Data analysis and statistics
Quality control samples were inserted at 10-sample intervals during mass spectrometry measurement and were utilized as a pooled sample group to compensate for temporal variability on the machine. Data was analyzed using the R package MetaboAnalyst 5.0[30, 31]. Normality was determined via Shapiro-Wilk testing.

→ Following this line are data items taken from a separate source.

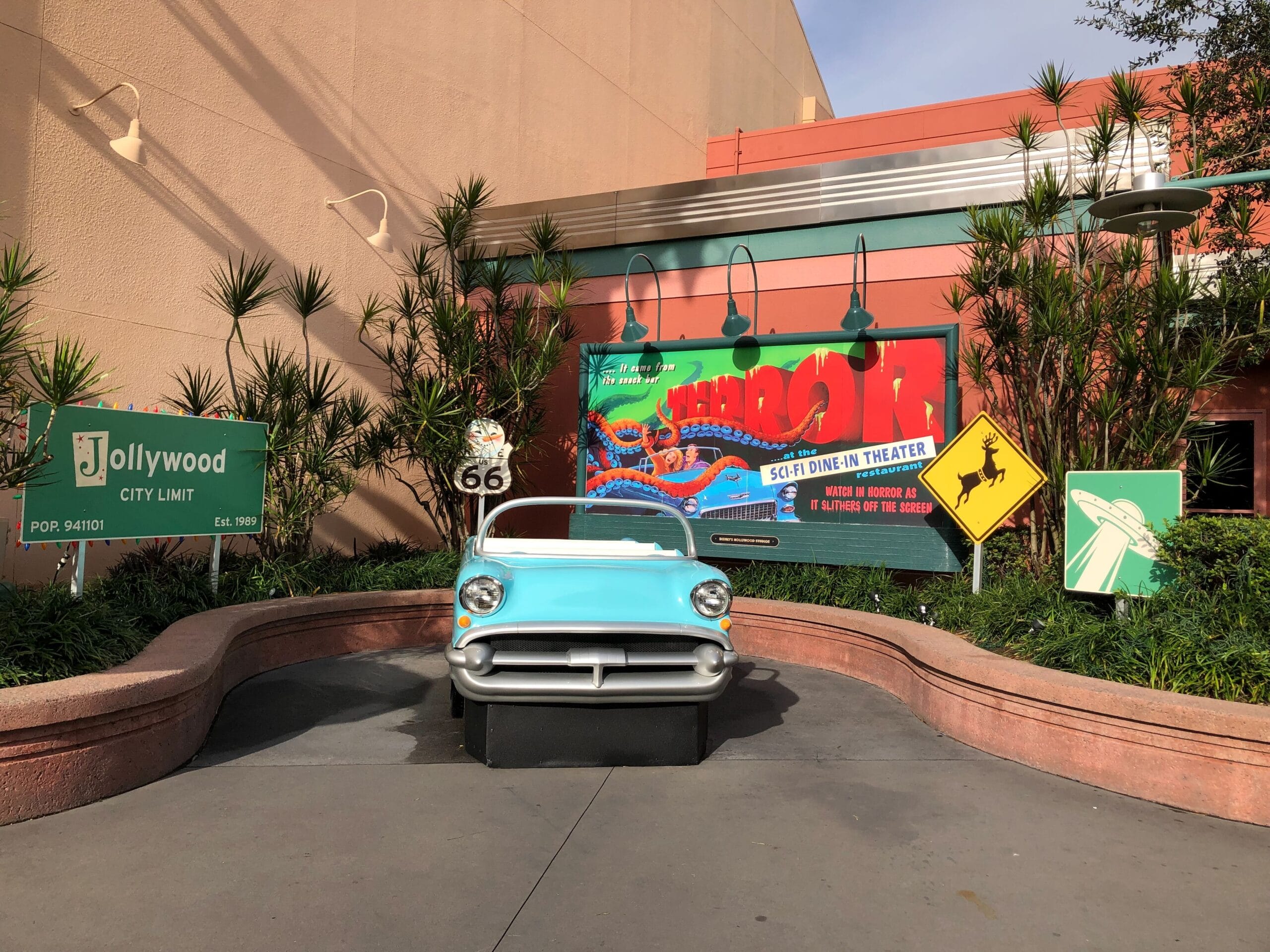 Themed holiday road signs have gone up around the car photo op outside Sci-Fi Dine-In Theater Restaurant. The car itself was refreshed a few weeks ago.
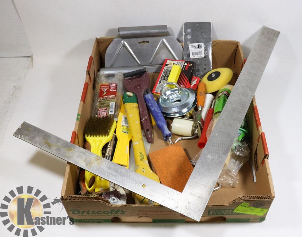FLAT OF ASSORTED PAINTING ITEMS AND BBQ BRUSH
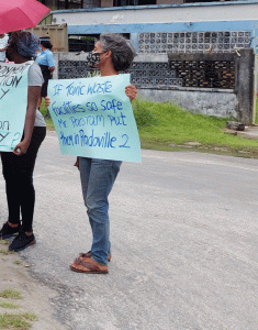 She said this was not the only alarming action of the EPA as the group also believes the agency is not fulfilling its mandate of protecting Guyana. “The EPA in some cases were not fulfilling their mandate to protect the environment of Guyana, to protect the safety of communities, the safety of all those who live in communities on this coast who are in the vicinity of where these facilities… These waste facilities have been established so this was our concern,” the picketer said as she held up her placard.
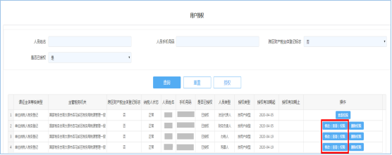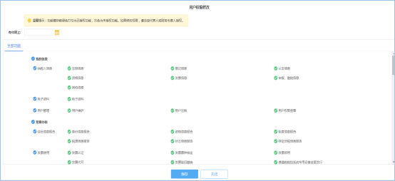点击“修改(查看)权限”按钮可查看授权人员授权信息,对授权人员有效期限以及授权功能模块进行修改,如图:
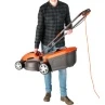 Equipped with central height adjust with 5 different cutting heights (2-6cm) you can achieve a beautifully manicured lawn. The foldable dual lever handles make the mower easy to use and easy to store.
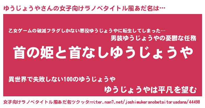 | ファンタジー風あだ名 | 『ヴァルユウーナ』『ファントムユウス』 |
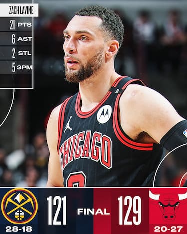 Seconda sconfitta in fila per i Nuggets, che dopo aver perso a Minneapolis concedono il bis anche a Chicago. I 21 punti di Zach LaVine e i 20+10 di Nikola Vucevic guidano i Bulls solamente alla seconda vittoria nelle ultime nove partite, in una serata in cui a farla da padrone è il tiro da tre punti. I Bulls infatti tirano 24/53, spaccando in due la partita con un parziale di 13-0 per cominciare il quarto periodo e non voltandosi più indietro, grazie anche ai 41 punti dalla panchina contro i soli 10 dei Nuggets
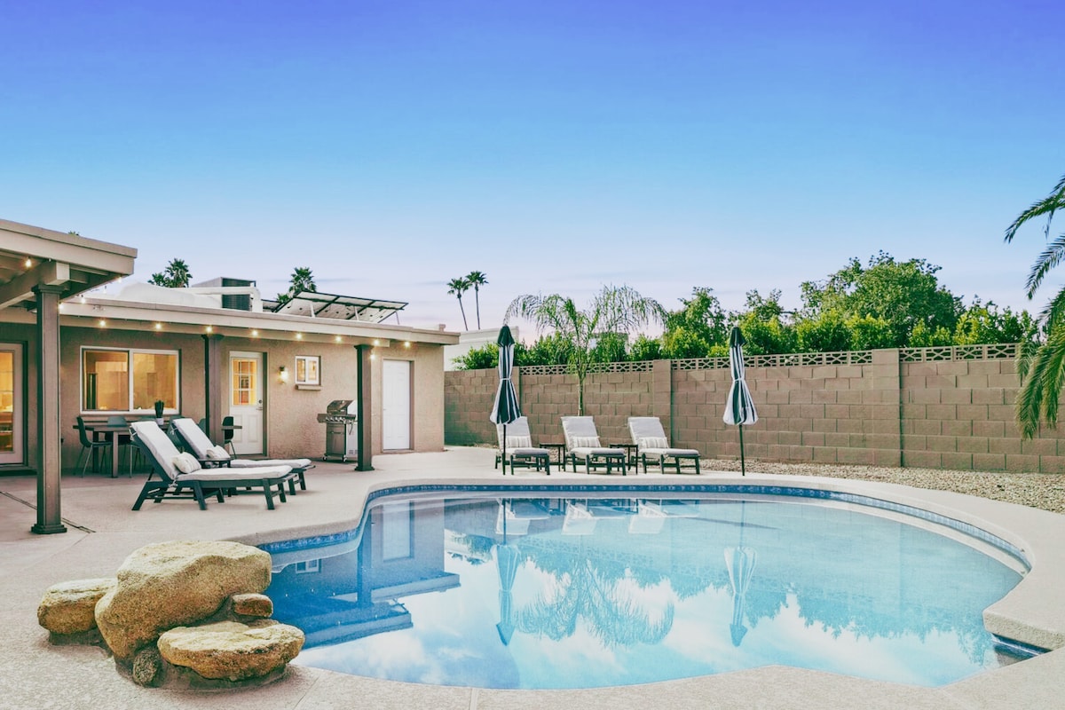 Bine ai venit la Scottsdale Great Escape, refugiul tău spațios și însorit. Aspectul deschis invită la o abundență de lumină naturală, creând o atmosferă caldă și primitoare. Indiferent dacă ești aici pentru a lucra sau a te relaxa, te-am acoperit cu Wi-Fi de mare viteză în spațiul de lucru dedicat, o bucătărie complet utilată, o curte interioară încântătoare cu un grătar în aer liber și o canapea confortabilă unde te poți relaxa și te poți bucura de emisiunile TV preferate. Pentru un plus de confort, există un garaj atașat.
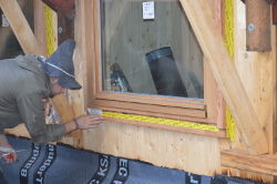 Und hier läuft die Arbeit Hand in Hand mit den Zimmerern, die nach dem Einbau der Fensterleibungen, der Dämmung und der Windbahnen hier die Lattung und letztendliche Schalung für die spätere Verkleidung mit den Holzschindeln anbringen.
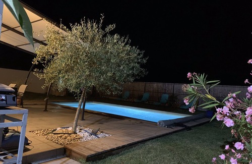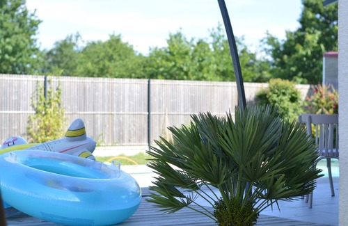 Pool of 3. 5x7m secured by a tarpaulin. You can enjoy grilling (griddle and barbecue) and games for children (a portico and a hut in the garden).
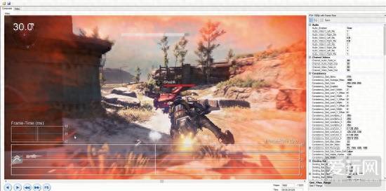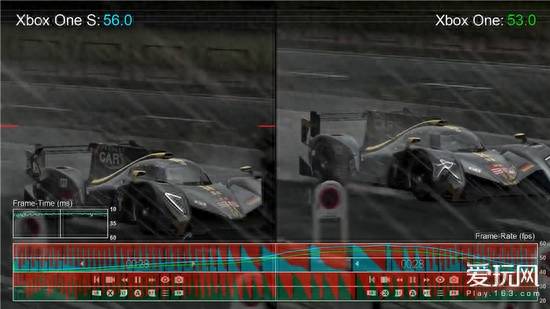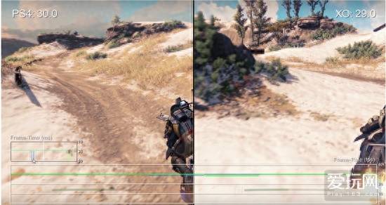 然后我们再来看看喜闻乐见的跨平台对比,我们分别导入两个平台的重复片段视频,并设置成分屏显示,在图中我们可以清楚地看到左边为PS4的帧率情况,右边为XBOX的帧率情况,而图表中不同颜色的线则代表不同平台。
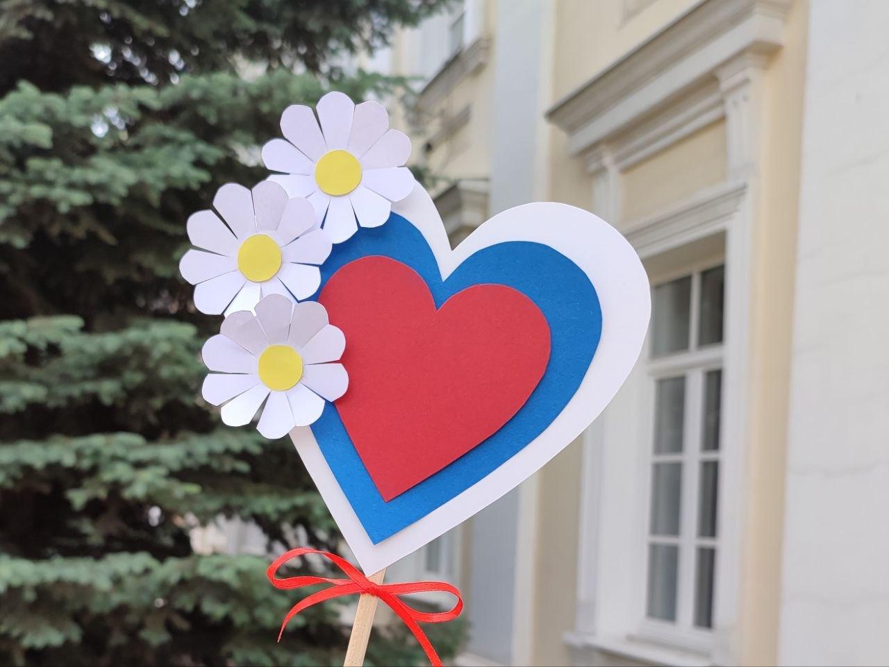 После каждый участник создаст оригинальную декоративную композицию в форме сердца, украшенную элементами цветов государственного флага и выразительными белыми ромашками, выполненными в технике бумажной аппликации.
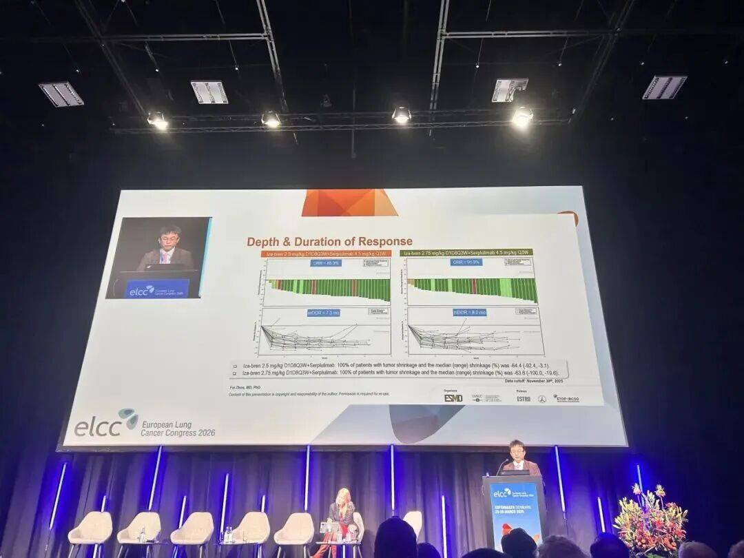2026 年欧洲肺癌大会(ELCC)上,国际肺癌研究协会(IASLC)主席、上海东方医院周彩存教授团队的周斐教授代表研究团队进行大会口头报告,最新研究带来重磅突破 ——全球首创双抗ADC药物,iza-bren联合 PD-1 单抗,在初治广泛期小细胞肺癌一线治疗中交出突破性疗效数据,为患者实现高水平长生存开启了全新可能。
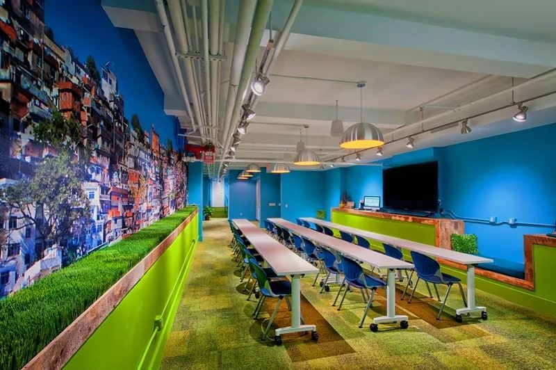 OFFSITE’s inspirational lower level, set along an urban Rio de Janeiro backdrop, offers adaptable classroom-style seating for 25 people and an 80” LED TV. This sophisticated think tank is a cooler, more casual place to hash out important ideas, hold a training session, participate in team building exercises, or simply celebrate.
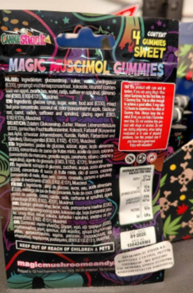 Καλούνται οι καταναλωτές που έχουν προμηθευτεί παρόμοια προϊόντα (ενδεικτικές φωτογραφίες κάτωθι), τα οποία αναφέρουν στην επισήμανσή τους την παρουσία μουσκιμόλης ή Amanita muscaria ή διατίθενται με ονομασίες όπως «Amanita Gummies», «Mushroom Muscimol Gummies» “Magic Maushroom” κ.λπ., να μην τα καταναλώσουν.
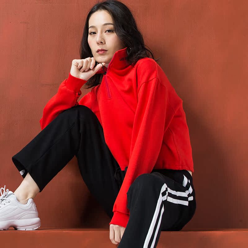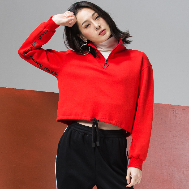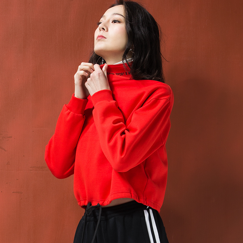 Seki casual thick cotton woman spring new long sleeve blouse high collar cover headshirt trendy short Korean version women's jacket
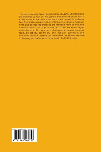 The gratifying response to Counterexamples in analysis (CEA) was followed, when the book went out of print, by expressions of dismay from those who were unable to acquire it. The connection of the present volume with CEA is clear, although the sights here are set higher. In the quarter-century since the appearance of CEA, mathematical education has taken some large steps reflected in both the undergraduate and graduate curricula. What was once taken as very new, remote, or arcane is now a well-established part of mathematical study and discourse. Consequently the approach here is designed to match the observed progress. The contents are intended to provide graduate and ad vanced undergraduate students as well as the general mathematical public with a modern treatment of some theorems and examples that constitute a rounding out and elaboration of the standard parts of algebra, analysis, geometry, logic, probability, set theory, and topology. The items included are presented in thespirit of a conversation among mathematicians who know the language but are interested in some of the ramifications of the subjects with which they routinely deal. Although such an approach might be construed as demanding, there is an extensive GLOSSARY jlNDEX where all but the most familiar notions are clearly defined and explained. The object ofthe body of the text is more to enhance what the reader already knows than to review definitions and notations that have become part of every mathematician's working context.

In the event of normally distributed data, Student’s t-tests were used. For non-normally distributed data, t-tests were employed on log2() transformed data based on right-tailed distribution. Tests were either conducted in GraphPad Prism v9.1.1, Excel (Version 2211 Build 16.0.15831.20098) or RStudio v1.4.1564, R v4.3.4. Venn diagram was generated using an online multiple list comparison tool[32], with Jaccard ratios calculated via the same software. Student’s t-tests were performed on the datasets and uncorrected as these data were not individually examined, but qualitatively explored as overlapping matrices. These values were input into Excel, RStudio, or downloaded directly for figure generation. Volcano plots were generated using a raw p < 0.05 (NAD+ panel; <20 total metabolites) or FDR corrected p < 0.1 (untargeted panel), both with fold-change > 1.5. Heatmapping was performed using limma-based linear regression[33] (untargeted) or interquartile variance (NAD+) with metabolite number explicitly stated in the figure legends.